One of the biggest areas to fall victim to this is that of new technology. Misinformation about new technologies such as Far Infrared (FIR) are spreading despite the many articles out there discussing the real benefits and issues of the product.
Through a series of topical blogs, we will address the largest myths regarding Far Infrared heating technology and hopefully finally quash these misconceptions for good. By using a question-and-answer method, these blogs will aim to cover the most asked questions created from misinformation and will give evidential or scientific answers to satiate these queries.
Episode 1: “But electric heating is expensive?”
A common misconception of FIR is that it is expensive to run. This may have been truer years ago since electric power was a harder to create commodity than gas or oil. But with more eco-friendly methods of creating electricity being employed such as wind-turbines, hydro power, solar-power etc, electricity is quickly becoming the go-to power source due to its renewability.
It is because of its renewability that the cost for electricity is coming down. Gas and oil are steadily creeping up in price due to the labour it takes to harvest these power-sources. Also, this is due to the fact that they are a finite fuel. With the UK now leaving the EU, gas prices will only rise at a more accelerated pace. Most of the UK’s imported gas comes by pipeline from Norway, the Netherlands and Belgium.
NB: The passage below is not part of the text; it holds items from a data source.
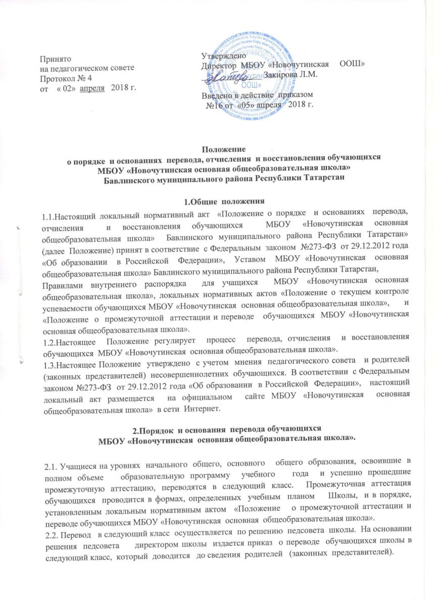 Положение о порядке и основании перевода, отчисления и восстановления обучающихся (скан)
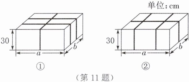11. 火车站、机场等场所都有为旅客提供打包服务的项目.现有一个长、宽、高分别为$a$cm,$b$cm,30 cm 的箱子(其中$a>b$),准备采用如图①②所示的两种打包方式,所用打包带的总长(不计接头处的长)分别记为$l_{1},l_{2}$.
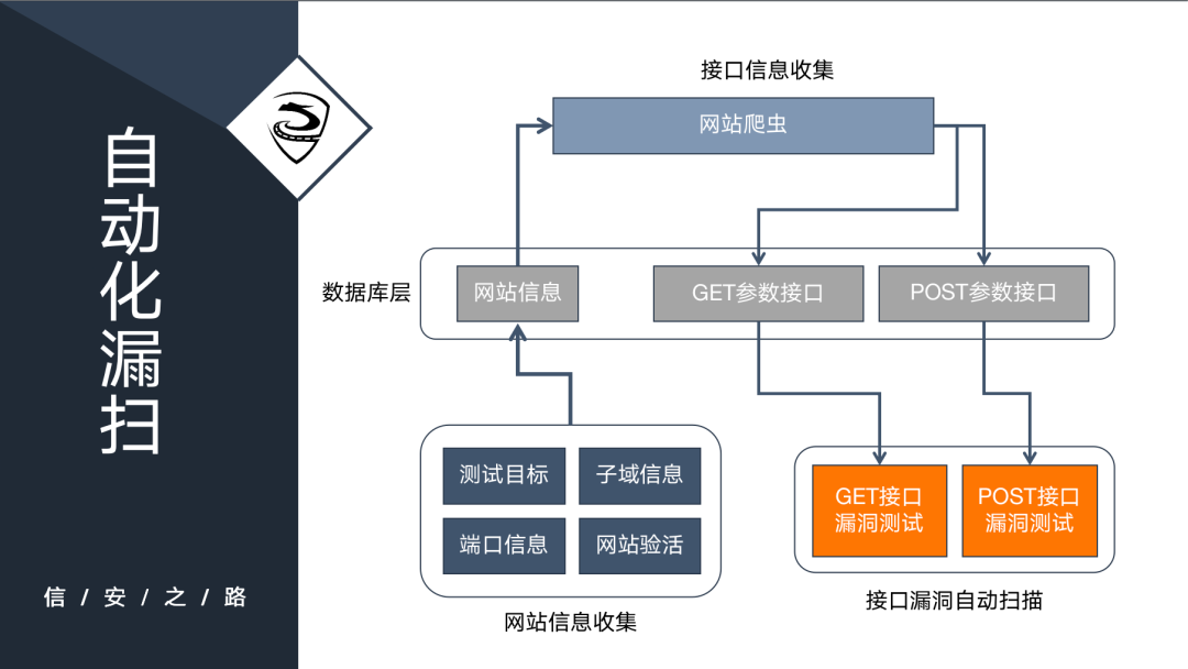 对于常规漏洞而言,主要是 owasp top 漏洞,这类漏洞需要我们使用一些辅助扫描器来进行,比如 xray 、awvs 等漏洞扫描工具,我的自动化系统架构如图:

In 2019, Norway supplied over 17,400 metric tonnes of the UK’s crude oil. This means that with the UK leaving the EU, importation taxes will rise on both fuels.
Convection heating has higher fuel consumption as it works hard to heat a room. Because running times then become longer, this causes an overall incline in running costs. Since convection heating aims to raise air temperature only, the physics of the situation work against it. Commonly known is the fact that hot air rises; because of this, when radiators heat the air, the warm air rises to the top of the room first. This means that us humans on the ground are the last to feel the benefit of the warmth. Because of this we run our radiators for longer.
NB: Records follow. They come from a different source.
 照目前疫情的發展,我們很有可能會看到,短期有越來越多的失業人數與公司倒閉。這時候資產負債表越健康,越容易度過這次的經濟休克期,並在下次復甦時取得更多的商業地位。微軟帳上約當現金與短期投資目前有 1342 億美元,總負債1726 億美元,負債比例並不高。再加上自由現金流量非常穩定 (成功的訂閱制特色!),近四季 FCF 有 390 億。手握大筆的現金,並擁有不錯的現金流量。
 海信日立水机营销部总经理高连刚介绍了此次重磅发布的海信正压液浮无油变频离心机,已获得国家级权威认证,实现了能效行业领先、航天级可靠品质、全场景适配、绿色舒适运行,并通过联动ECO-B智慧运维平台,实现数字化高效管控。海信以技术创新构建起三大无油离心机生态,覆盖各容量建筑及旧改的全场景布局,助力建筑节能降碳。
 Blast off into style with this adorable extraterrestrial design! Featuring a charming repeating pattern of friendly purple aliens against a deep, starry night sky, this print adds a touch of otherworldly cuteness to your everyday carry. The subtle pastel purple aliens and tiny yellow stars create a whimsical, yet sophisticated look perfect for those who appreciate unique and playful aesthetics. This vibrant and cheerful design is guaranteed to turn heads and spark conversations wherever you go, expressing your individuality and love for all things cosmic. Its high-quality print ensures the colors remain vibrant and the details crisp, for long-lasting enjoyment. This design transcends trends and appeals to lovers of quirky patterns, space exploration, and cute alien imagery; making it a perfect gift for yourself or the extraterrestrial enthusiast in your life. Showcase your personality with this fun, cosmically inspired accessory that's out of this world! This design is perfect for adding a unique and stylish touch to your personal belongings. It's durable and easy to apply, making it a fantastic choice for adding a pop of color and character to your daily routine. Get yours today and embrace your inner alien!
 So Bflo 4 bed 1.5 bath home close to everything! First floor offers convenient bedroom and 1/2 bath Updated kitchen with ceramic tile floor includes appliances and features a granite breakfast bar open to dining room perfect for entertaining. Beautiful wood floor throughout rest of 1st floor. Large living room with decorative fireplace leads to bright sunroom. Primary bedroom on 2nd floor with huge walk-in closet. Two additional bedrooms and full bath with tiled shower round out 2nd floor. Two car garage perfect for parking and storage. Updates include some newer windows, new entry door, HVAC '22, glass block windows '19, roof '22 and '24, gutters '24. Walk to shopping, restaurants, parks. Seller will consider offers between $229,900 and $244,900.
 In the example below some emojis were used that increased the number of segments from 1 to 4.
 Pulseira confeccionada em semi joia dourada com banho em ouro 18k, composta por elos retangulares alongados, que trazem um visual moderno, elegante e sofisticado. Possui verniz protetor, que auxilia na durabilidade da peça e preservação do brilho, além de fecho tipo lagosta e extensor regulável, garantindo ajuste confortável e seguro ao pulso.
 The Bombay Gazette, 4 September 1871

If the goal of the heaters is to heat objects rather than air, we are much more likely to feel the benefit first. That is the objective of a Far Infrared heater. Rather than focusing its attention on air temperature, the rays penetrate and bounce back off objects within a room such as; the walls, floor, sofas, people etc. Because of this, we feel an almost instantaneous benefit from the heater once it gets to temperature; (which usually only takes about 5-10 minutes). Once the fabric of the room is warmed, it will begin emitting the heat back into the room. Once the heater has turned off, it will continue to emit. The heaters don’t need to run for long as we benefit first from them. Using a controller also helps to keep running costs to a minimum.
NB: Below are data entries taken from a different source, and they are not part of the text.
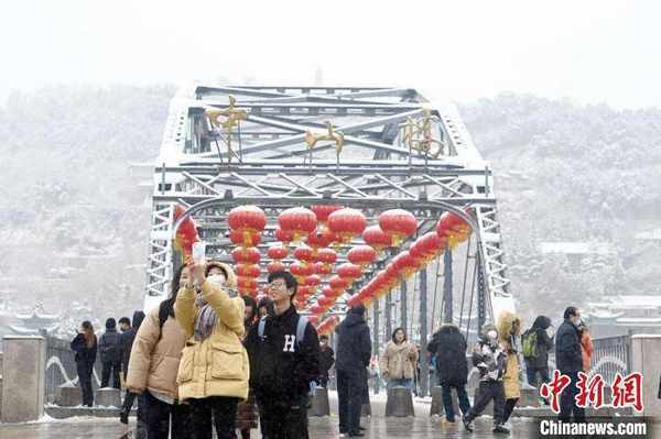 2月13日,甘肃兰州,游客在当地标志性建筑中山桥上自拍打卡。当日,兰州迎降雪天气。 九美旦增 摄
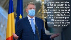 Nu vi se pare acum penibil că, la 328 de infectări pe zi, 23 decese și 174 infectați la ATI dl Iohannis ne spunea că Învierea se amână, că nu putem lua lumină și nici nu ne putem întâlni cu rudele? Nu vi se pare la fel de ridicol că acum, la peste 10.000 infectați pe zi, cu 178 decese/zi și cu ATI supraaglomerat, același personaj ne spune „mergeți la vot”!?
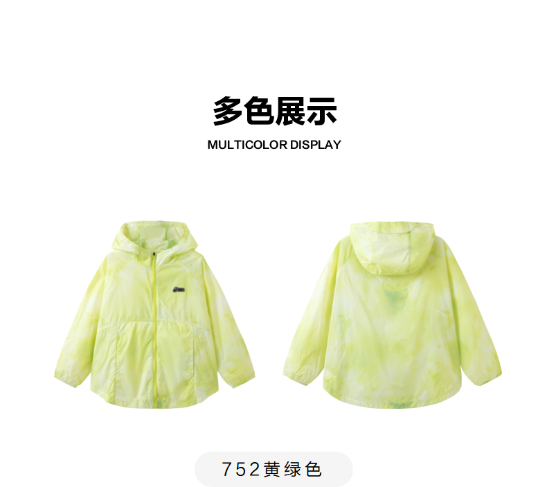 ASICS/亚瑟士童装2024儿童斗篷防晒服夏季亮色防紫外线轻薄外套新
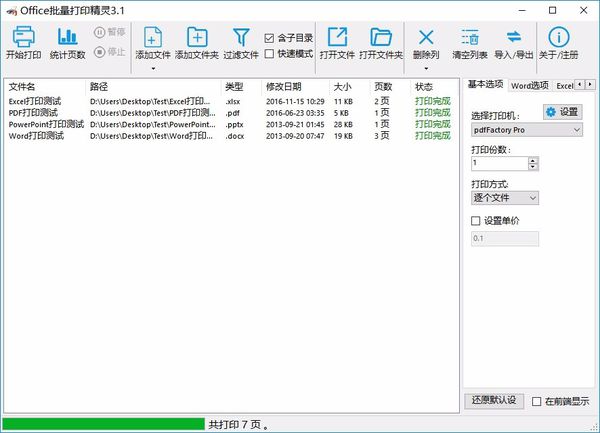 推荐使用“Office批量打印精灵”——Office文档批量打印软件,支持Word、Excel、Powerpoint、PDF等文档的批量打印,且可使用虚拟打印机,将多个Office文档转换为PDF文件。
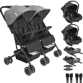 Carrinho de Bebê Kiddo Mascote Gêmeos com 2 Bebê Conforto Colinho e 2 Base para Carro ISOFIX Colinho
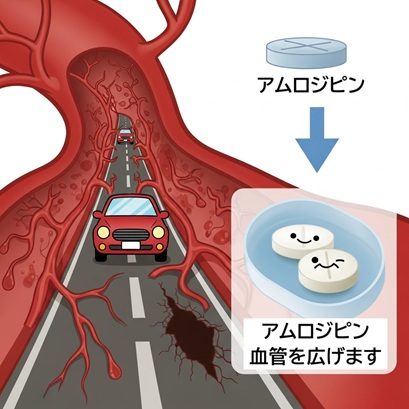 ここに登場するのが アムロジピン=緊急拡幅工事隊。
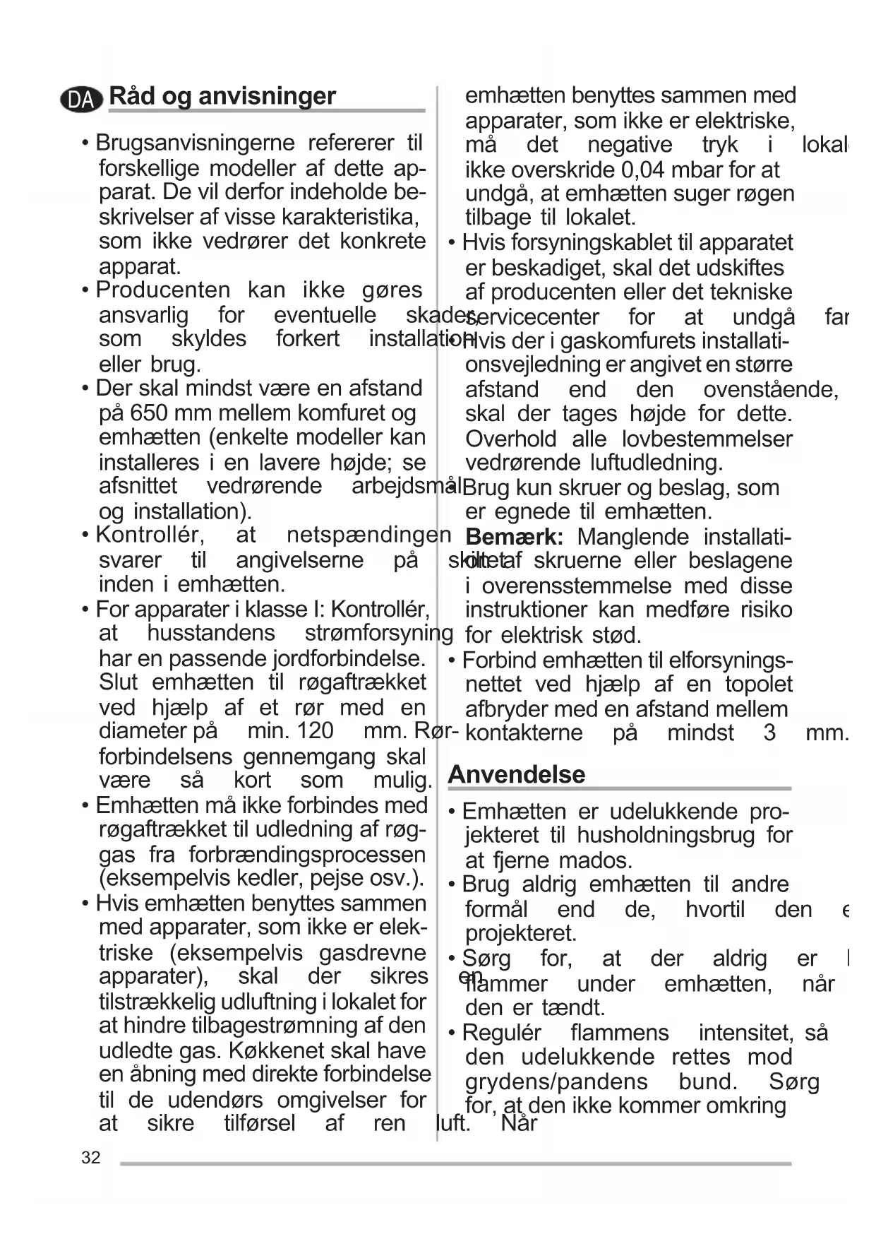 - Brug aldrig emhætten til andre formål end de, hvortil den er projekteret.
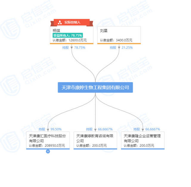 透过股权透视发现,康婷背后共有两大股东,总裁杨琪持股78.75%,刘星则持股21.25%。据报道,杨琪收获过不少“荣誉”,其中就包括天津市五一劳动奖章。
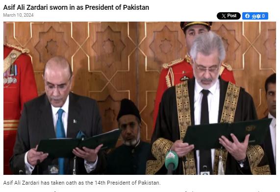 報道稱,扎爾達里曾是“巴基斯坦第一位民選總統(tǒng)”,這次是他第二次當(dāng)選巴基斯坦總統(tǒng)。
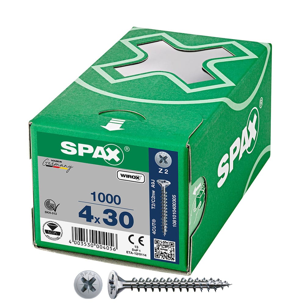 CAJA 1000 UNIDADES TORNILLO UNIVERSAL CABEZA PLANA WIROX 4X30MM ROSCA COMPLETA, RANURA EN CRUZ Z2, 4CUT – 1081010400305
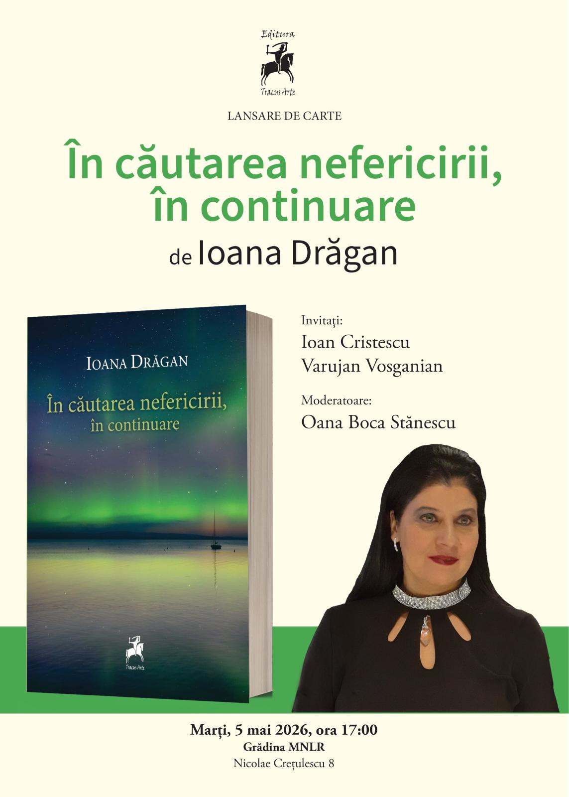 Ioana Drăgan își invită cititorii la lansarea celui mai recent roman, „În căutarea nefericirii, în continuare”, publicat la Editura Tracus Arte. Evenimentul va avea loc marți, 5 mai 2026, începând cu ora 17.00, în Grădina Muzeului Național al Literaturii Române, Str. Nicolae Crețulescu 8.
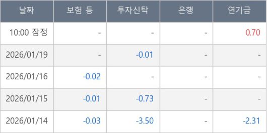 [표] 주요 기관별 순매매량 (단위 만주)

Usually, a typical storage convection heater requires about 2kw of electric to run. Based on a 20msq room, we would usually look to replace this with a 600w Far Infrared heater. This may sound too good to believe, but it is all based on the way in which each heater works. Working harder than Far Infrared, convection heaters require a higher power supply. Far Infrared heaters can afford to be a lower wattage, as a result. This lowers overall running costs again.
Saving a customer anywhere from an estimated 21% – 67%, Far Infrared is a superior system to gas, oil, LPG and storage radiators. In addition to this, due to the UK signing the 2015 Paris Agreement pledging to achieve net zero emissions by 2050, in the next 30 years, fossil fuels will become less desirable, and their prices will rise. Cheaply and easily sourced, electricity is the future. Compared to fossil fuels, the cost of electric power is already in decline. By choosing Far Infrared heating over convection, customers are not only choosing efficiency, but they are also preparing for a brighter, greener future.